Display Thai Definition of Double-Clicked English Word

Upon detection of double-click word highlight, the Chrome extension would make a request to the API passing in the English word as a path variable. For example, when a user double-click on the word "hello", the Chrome extension would make an AJAX call to www.somebaseurl.com/lookupEnglishThai/hello

The server would then respond with a JSON containing a list of the Thai definitions like so:

{
  "found": true,
  "search_term": "hello",
  "closest_search_term": "hello",
  "definitions": [
    "สวัสดี (คำทักทาย)"
  ]
}
What happen when a user double clicks on the word 'hello'

What happen when a user double clicks on the word 'hello'

2. Moving from MySQL to DynamoDB

The English-Thai dictionary data was taken from an XML file from the Lexitron project. My tasks were broken down as followed:

  1. Create a new table in DynamoDB that I can use to efficiently lookup word definition

  2. Parse and load data from the XML file to the DynamoDB table

2.1 New Table in DynamoDB

For reference, the XML representation of an English-Thai pair in the Lexitron's XML file is in this format.

<entry>
    <esearch>prize</esearch>
    <eentry>prize1</eentry>
    <tentry>ของมีค่า</tentry>
    <ecat>N</ecat>
    <ethai>ชั้นยอด, ดีพอที่จะได้รับรางวัล</ethai>
    <id>52005</id>
</entry>

MySQL Schema

The MySQL schema used is a 1 to 1 mapping of each "entry" in the XML.

Field Type Sample Value
id integer 52005
esearch varchar(128) prize
eentry varchar(128) prize1
tentry varchar(1028) ของมีค่า
tcat varchar(10) N

DynamoDB Table

DynamoDB is schemaless but it needs to have a primary partition key. I've chosen english_word to be the primary partition key as that's used to query the database. The table is also populated with an additional attribute called thai_definitions with the data type String Set.

Attribute Type Sample Value
english_word string prize
thai_definitions string set { "การจับกุม", "ของมีค่า", "ตีราคาสูง", "ที่ได้รับรางวัล", "ยอดเยี่ยม", "รางวัล", "สิ่งของที่ยึดได้" }

2.2 Parse and load 53,000 items into DynamoDB table

I used boto3's batch_writer to batch up the put_item request and quickly noticed that that the speed of inserting an item into DynamoDB was really slow after about 200 requests. After some investigation, I discovered that my Write Capacity Unit (WCU) setting for the table was 1 per second and hundreds of requests were being throttled. After increasing WCU to 600, the number of throttled requests decreased and I could see from the log that the put_item requests were completed more quickly.

Throttled requests metric showing hundreds of throttled writes

Throttled requests metric showing hundreds of throttled writes

3. Moving from Django to AWS Lambda

It was easy switching from Django to AWS Lambda because I literally had 1 just API endpoint. The logic in guessing the "closest" search term (in case the user lookup a word which is in past-tense eg. "liked", "married" or plural form of the word eg. "guests", "ferries") remains the same. With Django, I had about 7 different files. With AWS Lambda, the number of files reduced to just 2: 1 for lambda handler, 1 for unit test.

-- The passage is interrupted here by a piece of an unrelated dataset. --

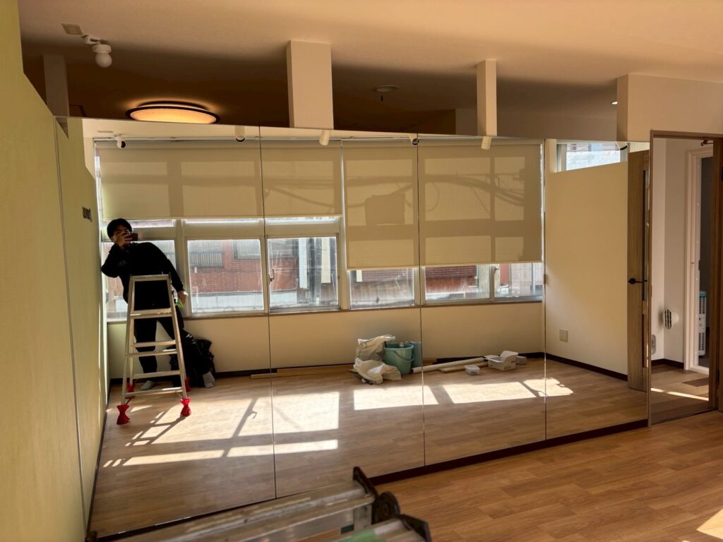 ダンススペースに欠かせないミラーも取り付けられました。床はTOLIのアリーナフィットという屋内スポーツ施設に対応した衝撃吸収性ビニル床シートが貼られました。
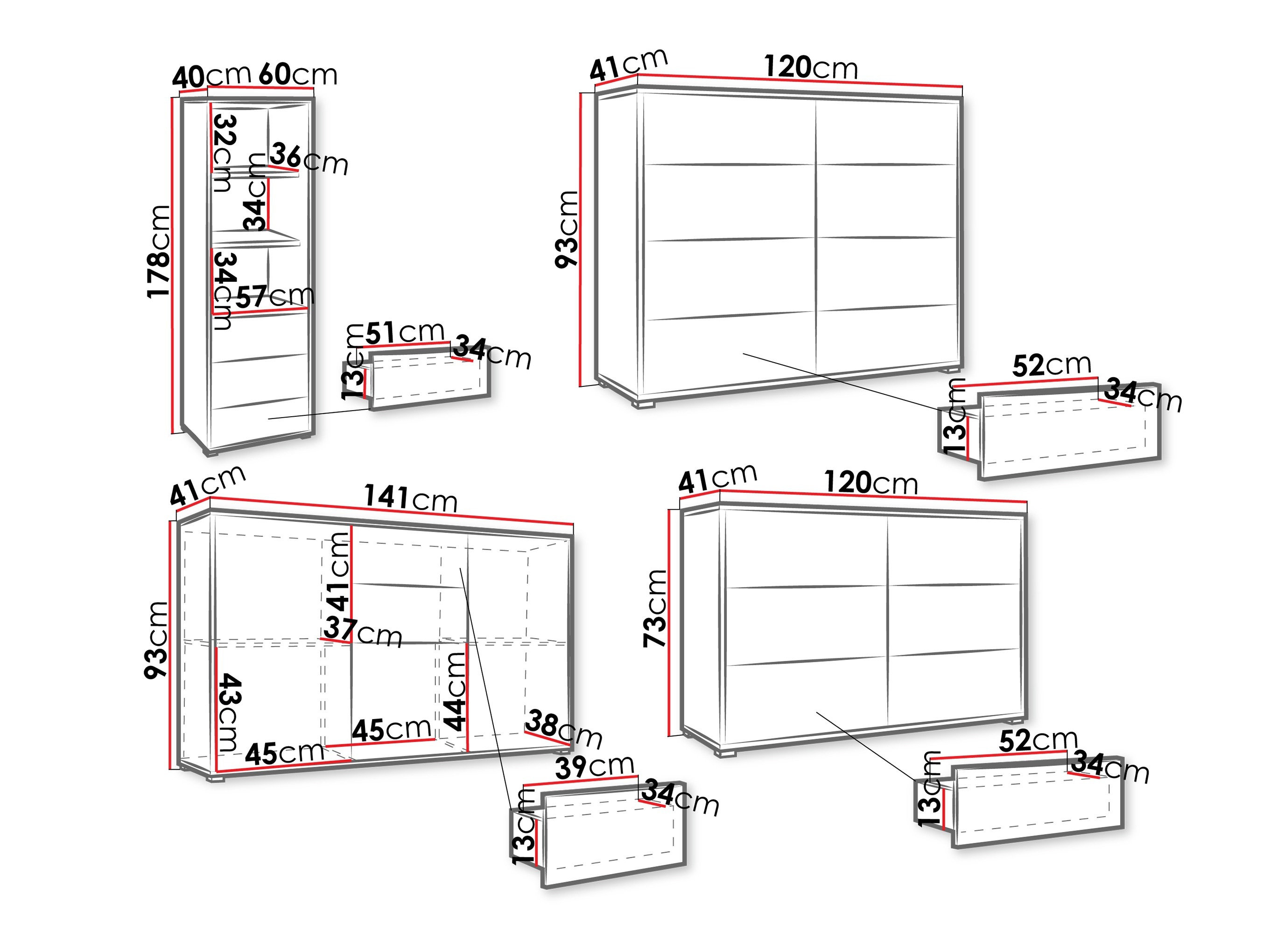930 x 1410 x 410; 730 x 1200 x 410; 930 x 1200 x 410 mm

I chose the microservice-http-endpoint-python3 blueprint as the starting point for my function because it covers my basic use case of setting up a RESTful API endpoint that reads from DynamoDB.

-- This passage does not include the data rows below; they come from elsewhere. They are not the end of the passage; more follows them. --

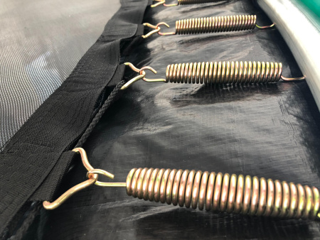 - Пружины присоединяются к полотну при помощи треугольных карабинов на петле, каждая из которых прострочена 8-ю плотными фабричными швами, что полностью защищает от разрывов в местах крепления пружин.
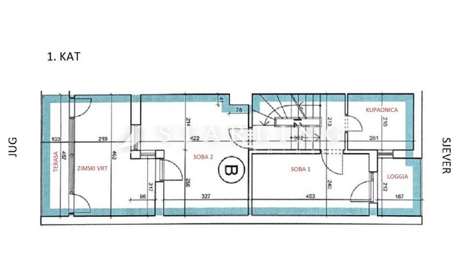 KAT: dvije spavaće sobe, zimski vrt s balkonom te kupaonica s wc-om.
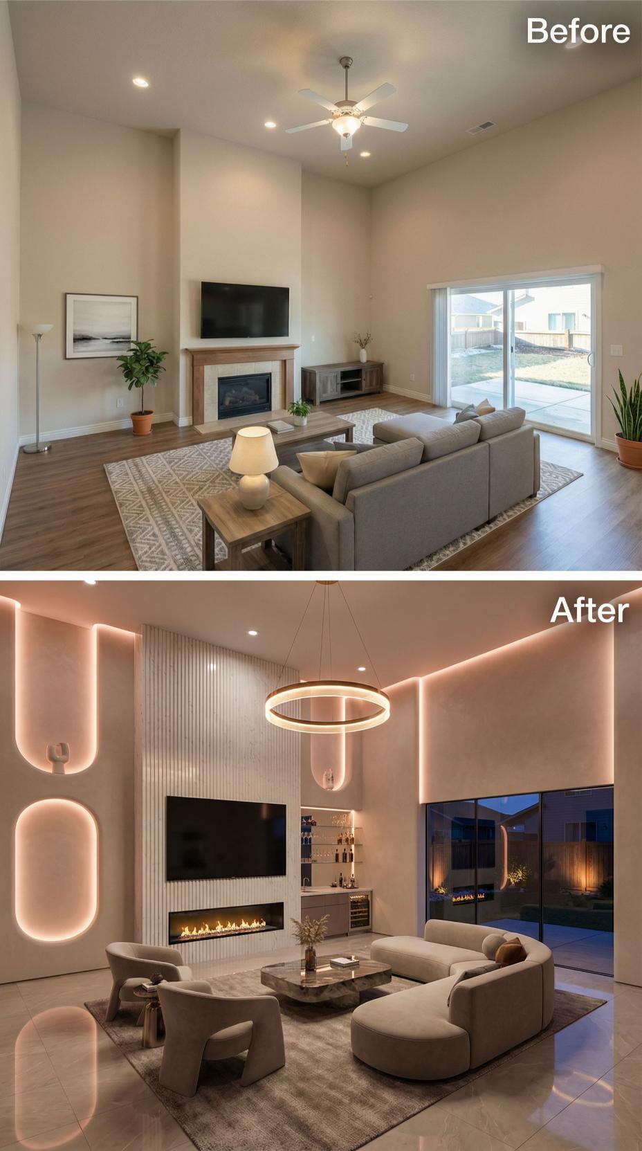 Warm LED strip lighting transforms this builder grade living room into a sophisticated sanctuary with architectural drama. The original ceiling fan and traditional fireplace gave way to a sleek linear gas fireplace and sculptural ring chandelier. Curved sectional seating and illuminated wall niches create an ultra-modern atmosphere, while floor-to-ceiling windows showcase the seamless indoor-outdoor connection.

microservice-http-endpoint-python3 blueprint

microservice-http-endpoint-python3 blueprint

The tricky part came when I was setting up API Gateway as a trigger for my function. I want the user's search term to be a part of the url path /lookupEnglishThai/hello instead of a part of the query string /lookupEnglishThai?search_term=hello

It was not so obvious from the documentation how to configure a path parameter, but after clicking around, I figured out that it can be achieved by creating a child resource, with {path_parameter_here} syntax as per the screenshot below.

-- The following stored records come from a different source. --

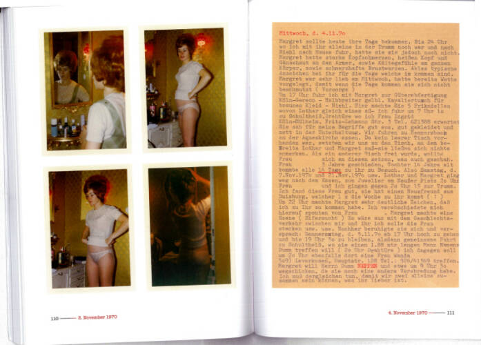 Ein Kölner Geschäftsmann führt akribisch Buch über die Affäre mit seiner Mitarbeiterin "Margret". Als Leser ist man "Günters" Voyeurismus schutzlos ausgeliefert. Mit Hunderten von Photos vor und nach dem Sex, in Kurparks und in neuen, von ihm gekauften Kleidern, nichts bleibt verborgen. Manchmal denkt man, daß er alles für eine Veröffentlichung inszeniert hat. "10 Uhr vormittags M. zu Hause abgeholt. angeblich nach Bad Neuenahr zur Mutter gefahren. In Wirklichkeit nach oben. M. gekocht. Rinderschmorbraten, Kartoffel, Salat. Mittag um 1 Uhr gegessen und bis 1 Uhr 45 Fernsehn gesehen, alsdann ins Bett", notiert er am 29.11.1070. Spießiges und Obszönes reihen sich nahtlos aneinander. Erwähnung findet das "Rotbarschfillet mit Feldsalat und schönen Kartoffeln" sowie "Rückenlage und die Spezialstellung", anderntags wird "Einweihungsfeier begannen trotz Tage". ***** A businessman from Cologne keeps a meticulous record of an affair with his colleague "Margret". The reader is thrust defenselessly into voyeurism. With hundreds of photos before and after sex, in spa gardens and in new clothes he has bought for her.
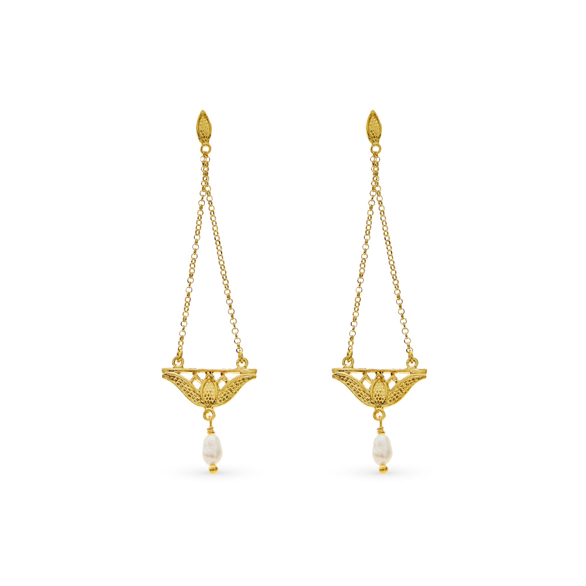 Handmade chandelier earrings in sterling silver 925, gold-plated in 24K with elements of Lahouri textile design and fresh water pearls
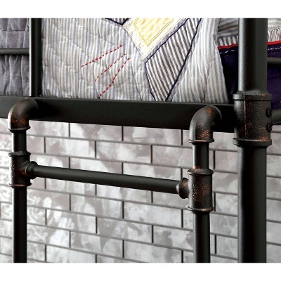 Bring cool style to your kid’s bedroom with the Derrick Kids Bunk Bed from HOMES: Inside + Out. The steel frame shows off an iconic industrial-inspired piping accent for a charming and sophisticated style your kids will love. It is complete with guard rails on the top bunk to help keep them from rolling out of bed in the middle of the night. Sleek rust accents add to the old industrial style of the bunk bed.

Creating resource with path paramter called 'search_term'

Creating resource with path paramter called 'search_term'

4. Closing Thoughts

The setup works pretty well and I'm happy with the performance. I don't have the stats of the old API call but with the new API, the total time taken by the browser is about 330ms, half of which is DNS lookup. I'm making that HTTP request from Singapore and the AWS server is in Singapore. The latency shouldn't be noticeably different for users in Thailand.

Network Response Timing

Network Response Timing

I didn't know a thing about how to design a table structure in NoSQL database prior to this but watching AWS DynamoDB Deep Dive from Pluralsight helped ease my fear a little. I had a lot of fun and I'm really glad I finally fixed the API endpoint. There are three other old projects left that I want to do a spring cleaning on and they're coming up in a bit!

You can find the source code of this project on Github: https://github.com/veeraya/lexitronapi

Free and Easy Ways to Prevent Heroku Free Dyno From Sleeping

2 December 2017 aws lambda, heroku

Heroku offers free 550 dyno hours to all users. The free dyno, however, sleeps after 30 minutes of inactivity. This is really not ideal if you, like me, want to run a small free application for others to use without incurring too much cost. This poses a problem for me recently since I’ve been trying to use Heroku as an affordable and easy hosting for my low-volume Youtube-to-MP3 LINE bot.

Here are some of the ways you can prevent your Heroku dyno from sleeping.

New Relic APM Heroku Add-On

New Relic APM Heroku add-on Wayne tier is free. New Relic add-on will ping your application at an interval, preventing it from sleeping.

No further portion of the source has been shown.